Zack Snyder directed Watchmen the DC Comics graphic novel inspired release for Warner Bros Studios. With VFX Supervised by John 'DJ' Desjardins, MPC completed 250 shots on key sequences in their Vancouver studio. The work includes the full range of digital VFX including 3D environments and cityscapes, CG Owl Ship, digital doubles and a variety of complex fx work.

“Watchmen” is set in an alternate 1985 America in which costumed superheroes are part of the fabric of everyday society, and the “Doomsday Clock” – which charts the USA’s tension with the Soviet Union – is permanently set at five minutes to midnight. When one of his former colleagues is murdered, the washed up but no less determined masked vigilante Rorschach sets out to uncover a plot to kill and discredit all past and present superheroes. As he reconnects with his former crime-fighting legion – a ragtag group of retired superheroes, only one of whom has true powers. Rorschach glimpses a wide-ranging and disturbing conspiracy with links to their shared past and catastrophic consequences for the future. Their mission is to watch over humanity… but who is watching the Watchmen?”

Working from Yale town, Vancouver, MPC’s VFX Supervisor Jess Norman oversaw a team of 35 VFX artists. Key members, including CG supervisor Max Wood were brought over from London to join the team. MPC Vancouver utilises the same pipeline and tools as MPC London, which allowed the team to successfully achieve the full gamut of visual effects challenges. Autodesk Maya is complemented with a suite of proprietary tools written in-house by the MPC R&D department. Shots were rendered in RenderMan and MentalRay, and composited using Shake.

MPC’s invisible effects work appears in many scenes, and starts with the high impact opening sequence ‘Blake’s Demise;’ a fast-paced, hand-to-hand combat scene taking place in a high-rise condo.

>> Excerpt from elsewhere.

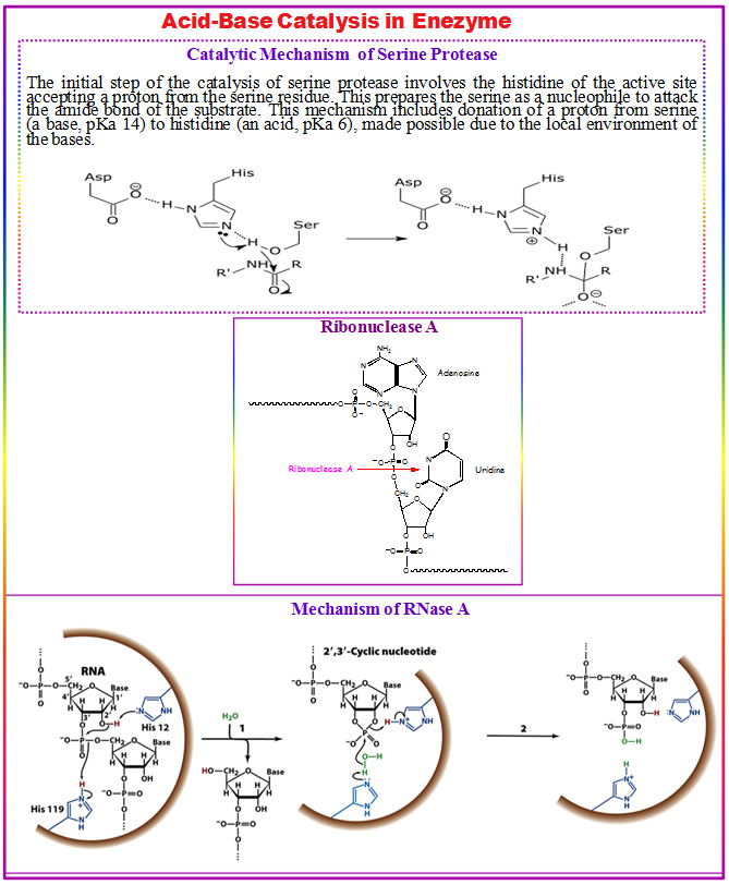 - Many reaction mechanisms involving acid/base catalysis assume a substantially altered pKa. This alteration of pKa is possible through the local environment of the residue.
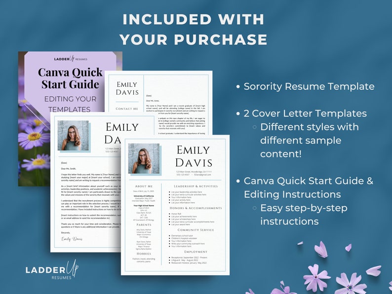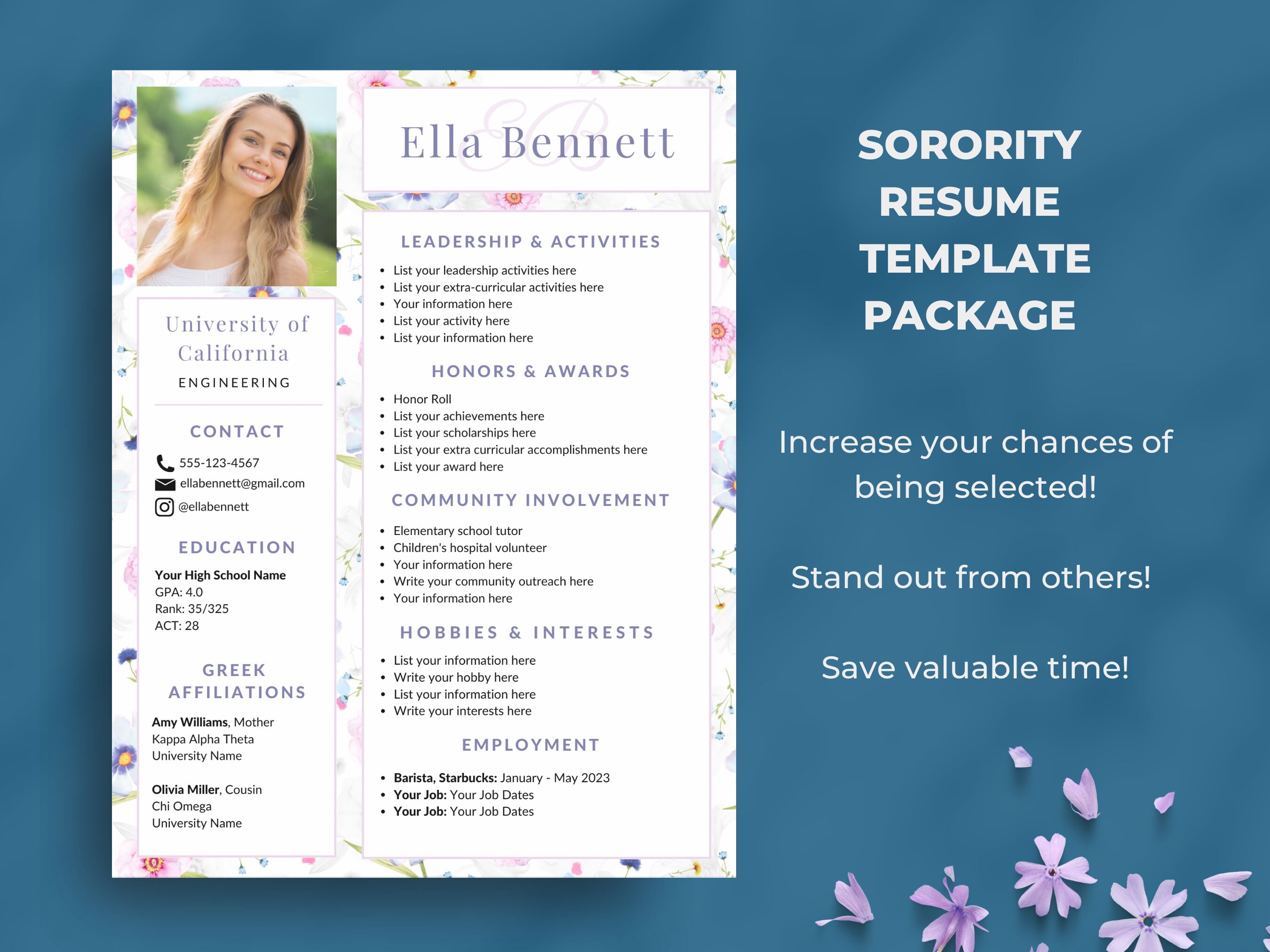 Sorority Resume Template With Photo Editable Floral Rush Resume

To add to the adrenalin fuelled atmosphere, the team created the completely digital cityscape seen outside the smashing window. Blake aka The Comedian gets thrown out of the window. As well as adding crashing glass and doing a digital double takeover MPC added a CG version of the iconic smiley pin following Blake down to his dead on the street.

Director
Zack Snyder
Studio
Warner Bros Pictures
MPC VFX Supervisor
Jessica Norman

During one of the key flashback sequences; ‘Riot Control,’ the superheroes deal with the civil unrest of the tumultuous 1970’s. MPC modelled and animated the CG Owl Ship, called in reinforcements under the guise of digital doubles, added CG crowds, extended the sets and enhanced the turbulent environment with smoke and light beams.

In a dramatic nightmare scene two of the main characters get atomised by a nuclear blast after ripping each others skin off to reveal their superhero costumes. With the characters shot on green screen, everything else was created digitally. The Owl ship with digital doubles also appear in the tenement fire scene, alongside CG smoke and fire elements added to enhance the fire on a miniature roof top. The surrounding environment was created using projected digital matte paintings.

For the climatic Karnak sequence the team created a realistic Antarctic environment with ice, water and snow effects. Almost not making it over a vast ice cliff, the owl ship crashes into the snow surface, spraying snow and ice everywhere. Several of the shots in the scene were fully digital and required full understanding of the way that environmental factors interact.